Hospice services can offer some peace at the end of life, helping to relieve pain and providing emotional support. But a new government report highlights the ways in which some hospices cheat Medicare and neglect patients. NPR's Ina Jaffe has the story.

INA JAFFE, BYLINE: In 2016, Medicare paid hospice providers $16.7 billion. And hospices are not paid for each individual service. They're paid by the day.

NANCY HARRISON: Regardless of the number of services they provide and regardless of the quality of care they provide.

JAFFE: That's Nancy Harrison. She's a deputy regional inspector general in the Department of Health and Human Services and the lead author of the new report. While patients can generally count on hospice to relieve their suffering, the report shows sometimes patient needs have been ignored.

HARRISON: We found that hospices provide fewer services on the weekends than during the week - far fewer, actually. And patients would have pain on weekends just as well as they have it on weekdays.

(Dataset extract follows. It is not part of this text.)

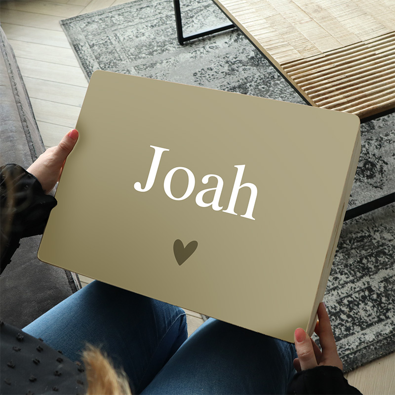 Je kiest zelf het lettertype dat bij je past – elegant of klassiek – en zo maak je de box helemaal eigen. Een bijzonder cadeau voor jezelf of iemand anders, dat jarenlang meegaat.

JAFFE: The report even found that one hospice billed Medicare without ever visiting the patient. They called his family to find out how he was. Researchers also discovered that some hospice providers appeared to seek out patients in nursing homes or assisted living. Those settings allowed them to bill Medicare for a level of service that some patients didn't need but costs the government almost four times more than basic in-home care. So, Harrison says, in 2012, for example...

HARRISON: That cost Medicare $268 million.

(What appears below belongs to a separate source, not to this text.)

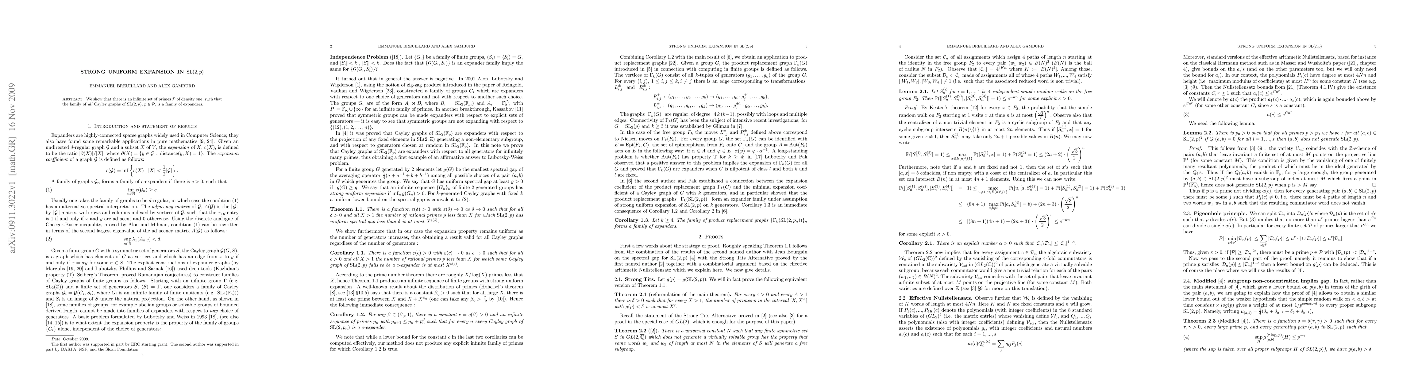 Summary: The paper demonstrates that for an infinite set of primes with density one, the Cayley graphs of $\mathrm{SL}(2,p)$ exhibit strong uniform expansion, indicating they are all expanders. This result highlights the uniform expansion properties across a significant subset of primes.

JAFFE: Then there are hospice companies that make money by outright fraud. Department of Health and Human Services special agent Derrick Jackson recalls a case where a Mississippi hospice owner signed up clients who were not terminally ill and didn't qualify for hospice. The owner was sentenced to nearly six years in prison and had to pay back almost $8 million. Jackson says the patients in this case didn't even know they'd enrolled in hospice.

DERRICK JACKSON: Oftentimes, these hospice owners will market themselves as, we will clean your house for free. A lot of times, people just want company. Right? You have elderly folks that no one comes to see them, and they want somebody to come over and sit down and talk with them.

JAFFE: The inspector general's report has 15 recommendations for improving the system. Basically, they say CMS, the Centers for Medicare and Medicaid Services, should analyze more data to ferret out scams and share that information with inspectors and the public. CMS declined NPR's request for an interview. But in a letter to the inspector general, the agency's head, Seema Verma, rejected more than half of the recommendations. CMS also released a statement saying, in part, that the agency is aggressively focused on reducing and eliminating fraud, waste and abuse. Nancy Harrison, the report's lead author, says that it's crucial for the government to get this right.

HARRISON: Because hospice is eventually going to touch us all.

JAFFE: And when that time comes, no one wants it to be harder than necessary.

Ina Jaffe, NPR News.

[POST-BROADCAST CORRECTION: In the audio version of this report, Derrick Jackson is referred to as a special agent with the U.S. Department of Health and Human Services. In fact, his title is special agent in charge.]